Satellite ML
CNN-based opium poppy detection on Sentinel-2 imagery — a research POC built at Scanpoint Geomatics.
Scanpoint Geomatics Ltd. (SGL) — ISRO technology partner
Client logo used with permission.
Project Overview
A research proof-of-concept built during my time at Scanpoint Geomatics, an Indian geospatial company and ISRO technology development partner. The goal was to evaluate whether convolutional neural networks could detect opium poppy cultivation in Sentinel-2 satellite imagery — a workflow currently dependent on manual analyst review across very large geographies.

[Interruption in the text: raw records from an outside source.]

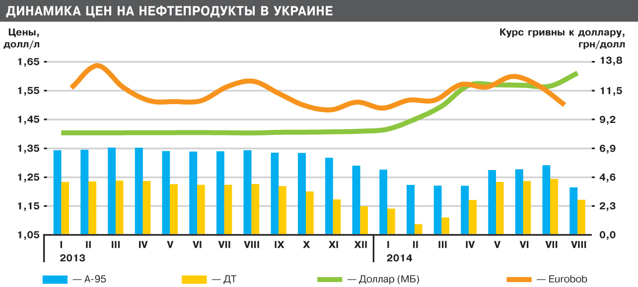 Насколько объективна такая цена? Как показывает статистика, в 2013 г. средняя цена бензина А-95 составила 1,01 евро/л, в январе-августе 2014 г. - 0,91 евро/л. По дизтопливу такое сравнение выглядит как 0,92 евро/л в прошлом году против 0,86 евро/л в этом, несмотря на то, что в апреле был вдвое увеличен акцизный сбор.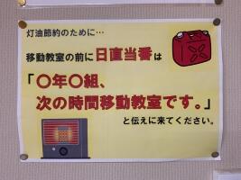 〇12月21日(火) 「意気に感じる」・・・副校長室にいると、「〇年〇組ですが、次の時間移動教室なのでストーブ止めてください。」といった生徒の声が聞こえてきます。今年は灯油が高いので、節約しようという話になりましたが、生徒も本当に丁寧に取り組んでくれています。そこで、生徒を動かしているものは何だろう?と疑問をもちました。放課後、教室に行き、一番左の写真の掲示物を見つけたとき、「なるほど!」と思いました。生徒が掲示物を見て、いつでもストーブを消す意味が理解できる...。生徒が意気に感じて動くには、まず先生方がどのくらい意気に感じて取り組んでいるかが大きく関係します。そういった視点で見ると、廊下に設置された学習プリントが整理されていることも、図書館の机がきれいに飾られていることもそうであるように、生徒が意気に感じて動けるように、数多くの仕掛けが先生方の手によってなされています。本当に感謝ですね。ありがとうございます。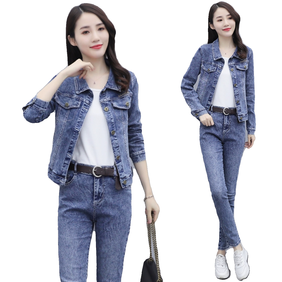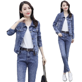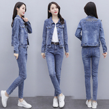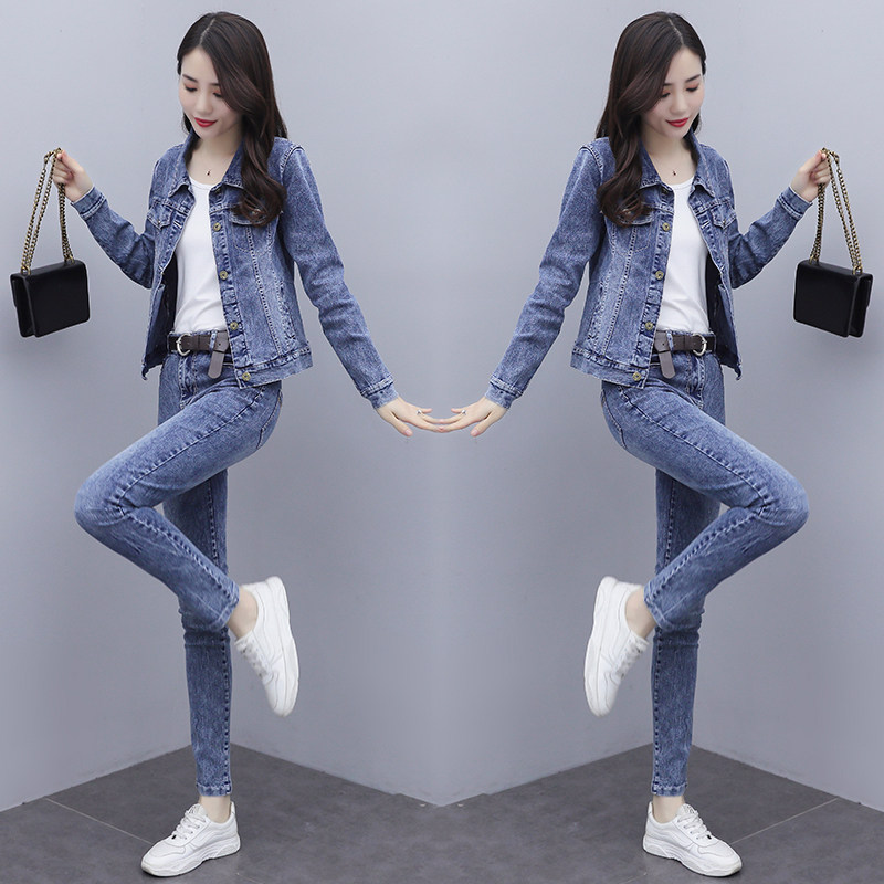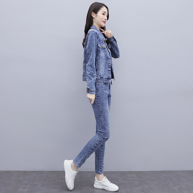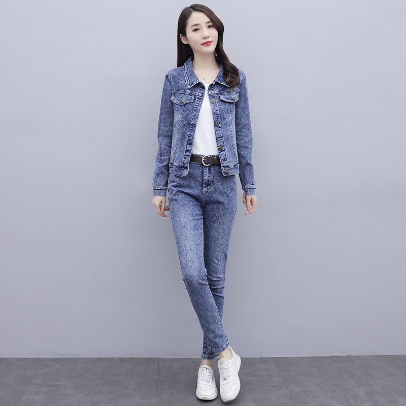 Синий приталенный джинсовый комплект, 2023, осенний, в корейском стиле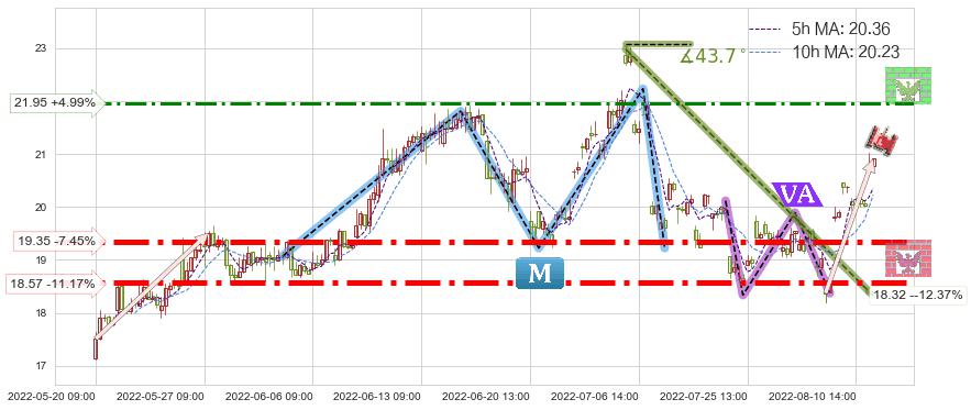 ♘ 支撑价格位19.35,可信任强度86.30%,距离最后交易2022-08-12 14:00形成的收盘价格20.91相差 -7.45%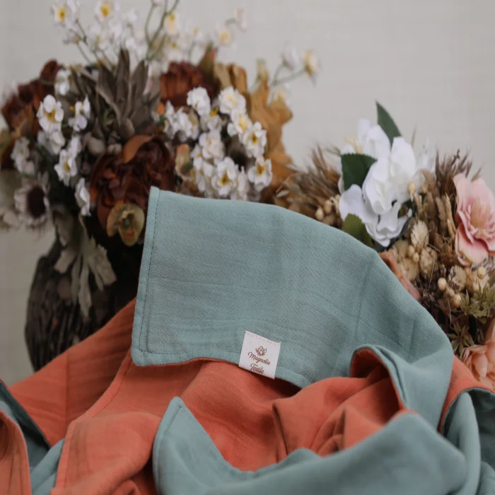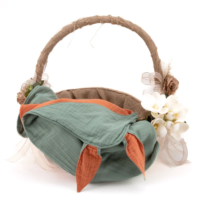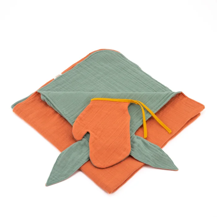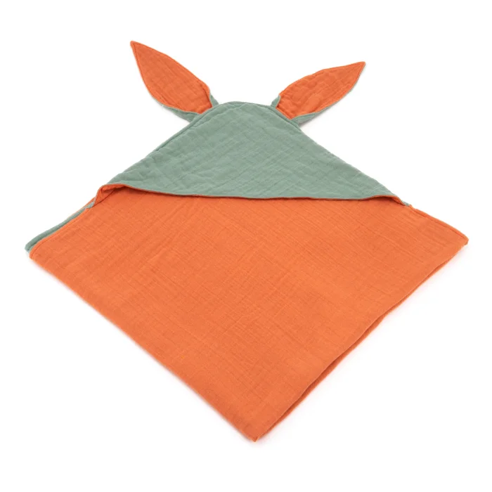 Our bunny ears hooded soft terry-blanket is muslin inside and out. If you haven't experienced muslin before, now is the time. This hooded towel protects your baby's head and ears. This towel keeps your little one warm and dry, making bath time a delightful adventure. This cute children's towel will dry your child quickly and keep you warm. It can also be used on the beach. This towel offers endless comfort and functionality as a blanket, nursing cover, playground blanket, play mat, blanket, and stroller cover. Fabric: Inner and Outer : 100% organic cotton muslin Available Sizes: Length- Width: 75 x 75 cm Ear: 16 cm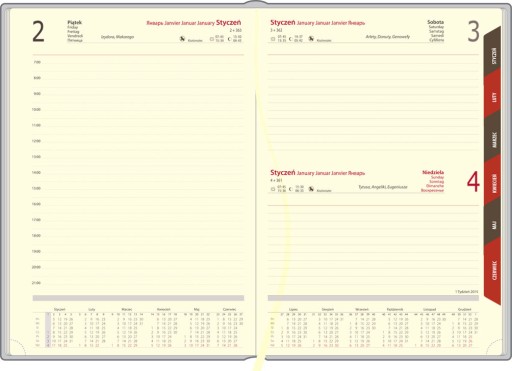 Elegancki terminarz książkowy w układzie dzienny - 1 dzień na 1 stronie, sobota i niedziela na 1 stronie, przed każdym miesiącem terminarz miesięczny.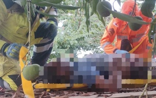 Homem sofre forte e tem várias queimaduras ao levar choque após subir em telhado para apanhar mangas e encostar em rede elétrica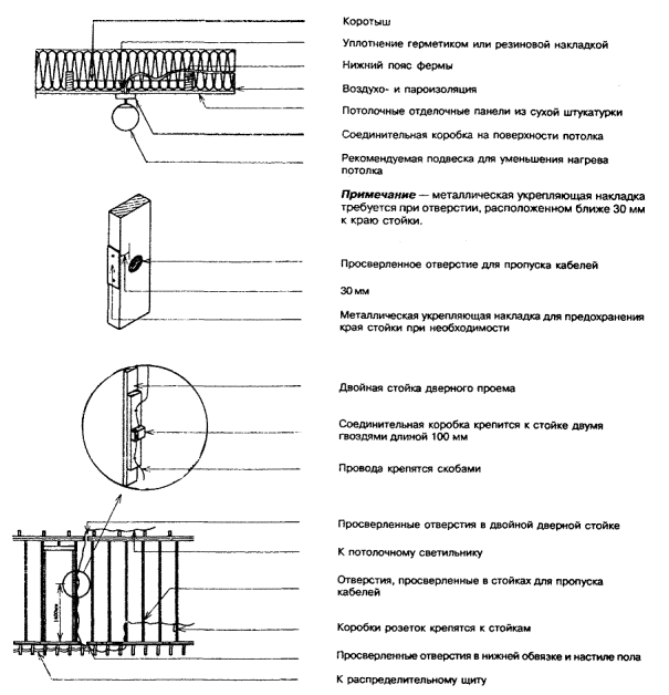 7.2.14 Перемычки должны состоять, как правило, из двух досок, поставленных на ребро и соединенных в один элемент гвоздями. Толщина перемычки должна быть равна ширине стоек, обрамляющих проем. При необходимости для обеспечения требуемой толщины перемычки между двумя ее досками могут быть вставлены прокладки (деревянные или из жесткого утеплителя). Крепление перемычек - гвоздями через стойки в торец. 7.2.15 Пролеты и размеры по высоте сечения деревянных перемычек должны определяться расчетом. В случаях, когда пролеты балок перекрытия не превышают 4,9 м, а пролеты стропильных ферм не превышают 9,8 м, допускается принимать пролеты и предельные размеры сечения для перемычек в несущих стенах по приложению Б (таблицы Б.12 – Б.14). При применении в несущих стенах стоек сечением, меньшим чем 38´89 мм, можно принимать максимальные значения пролетов по упомянутым таблицам при условии, что длина перемычек не превышает 2,25 м, а минимальная высота их сечения не менее чем на 50 мм превышает указанную в этих таблицах. 7.2.16 Устройство гвоздевых соединений элементов каркаса стен должно соответствовать таблице 7.2. 7.2.17 Стойки и верхние обвязки каркаса стен при необходимости можно пропиливать, прорезать, просверливать, но таким образом, чтобы при этом неповрежденная часть сечения составляла не менее: двух третей толщины сечения для несущей стойки или 40 мм для ненесущей стойки; 50 мм по ширине обвязки. При большем ослаблении сечения элементов каркаса необходимо их дополнительное усиление. 7.2.18 В каркасе стен должны быть предусмотрены детали для крепления внутренней обшивки стен и подшивки потолка. Пример устройства таких деталей приведен на рисунке 7.4. Рисунок 7.4 - Деталь установки доски для крепления внутренней обшивки 7.3 Обшивка стен 7.3.1 Обшивка каркаса наружных стен со стороны помещений, внутренних стен и перегородок с обеих сторон должна выполняться из жестких плитных или листовых материалов или из пиломатериалов. Она обеспечивает пространственную жесткость каркаса стен и служит основой для последующей отделки или облицовки стен. В случаях, когда нормируется предел огнестойкости и класс пожарной опасности стен, обшивка из материала с соответствующими пожарно-техническими характеристиками может выполнять огнезащитные функции. 7.3.2 Обшивка каркаса стены с наружной стороны жесткими плитными или листовыми материалами может предусматриваться для выполнения совместно с другими конструктивными слоями несущих и изоляционных функций, а также для использования в качестве сплошной обрешетки для крепления наружной облицовки стены (см. разделы 9 и 10 настоящего Свода правил). 7.3.3 Толщину материалов для обшивки стен в зависимости от шага стоек каркаса стен, к которым они крепятся, рекомендуется принимать не менее указанной в таблице 7.3. Таблица 7.3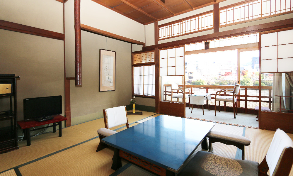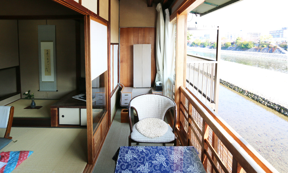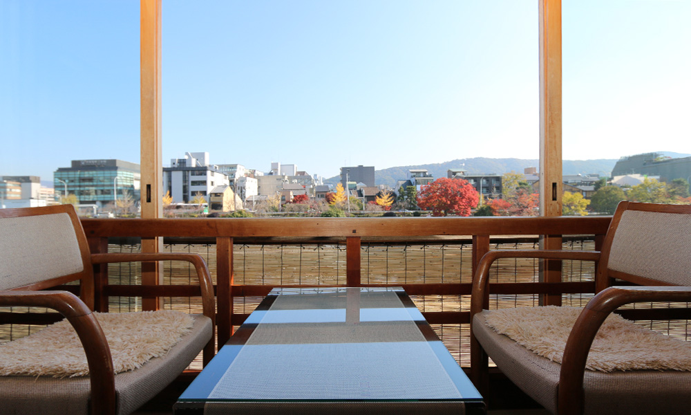 2階にある鴨川べりのお部屋です。お部屋の欄干の下には、先斗町のシンボル千鳥の透かし彫りがほどこされています。

The project used labelled training data from Afghanistan, provided by SGL, and produced a working end-to-end pipeline: from raw Sentinel-2 scenes through to coordinate-aligned shapefile outputs compatible with QGIS and SGL's IGiS platform.
This was R&D, not a deployed system. Productization decisions sat with SGL.
The Problem
Manual analyst review does not scale to the geographies poppy cultivation actually covers. Sentinel-2 provides freely available 10-meter resolution imagery globally with frequent revisit times, but raw imagery is just pixels — turning it into actionable detections requires either an army of trained analysts or a model that can do the first pass automatically.
The question SGL wanted answered was: can a CNN trained on labelled Afghan imagery produce detections accurate enough that a human analyst's role shifts from search to verification?
What I Built
Sentinel-2 scenes parsed with embedded geospatial metadata preserved, so every prediction can be traced back to real-world coordinates.
Large scenes split into overlapping patches with the geographic index preserved for downstream reassembly. Overlap matters because field boundaries near tile edges otherwise get cut in half.
The model was trained on the SGL-provided labelled dataset from Afghanistan. Class imbalance was the dominant training challenge: poppy fields are a tiny fraction of total agricultural area, so naive sampling gives a model that learns to predict "not poppy" almost all the time.
Class imbalance — not model architecture — was the hardest problem. Poppy fields are a small fraction of total agricultural area, so without balanced sampling the model degenerates to predicting the majority class. Solving this first is what made the F1 0.87 result possible.
Tile-level predictions merged, noise artefacts suppressed, and final outputs written as shapefile polygons that load directly into QGIS and SGL's IGiS platform without further processing.
System Architecture
Sentinel-2 scenes loaded with embedded geospatial metadata preserved for coordinate-accurate downstream outputs.
Scenes split into overlapping geographic patches with the index preserved, so tile-level predictions can be reassembled into full-scene polygons.
Model trained on the labelled Afghanistan dataset. Class-balanced sampling addresses the dominant training challenge: positives are a tiny fraction of total agricultural area.
Tile predictions merged, noise suppressed, and final outputs written as shapefile polygons compatible with QGIS and SGL's IGiS platform.
Technologies Used
Result
F1 score of 0.87 on the held-out test set — strong enough to demonstrate the approach works for the use case, while still leaving meaningful room for productization improvements: false-positive characterisation, generalisation across non-Afghan geographies, and integration with revisit-time workflows.
The pipeline ran end-to-end in Docker, was reproducible across runs, and produced GIS outputs that loaded cleanly into IGiS without manual intervention.
What I'd Approach Differently Today
Start with a pre-trained backbone.
In 2024 I built a custom CNN. Today I'd start with a pre-trained segmentation backbone — something like SegFormer or a Sentinel-2-specific foundation model — and fine-tune from there. There has been real progress on geospatial foundation models, and the training-data labelling effort would be the same while the model architecture work would be smaller.
Data quality over architecture.
That is how I think about most ML projects now: time is better spent on data quality and the surrounding pipeline than on architecture, unless the architecture is genuinely the research question.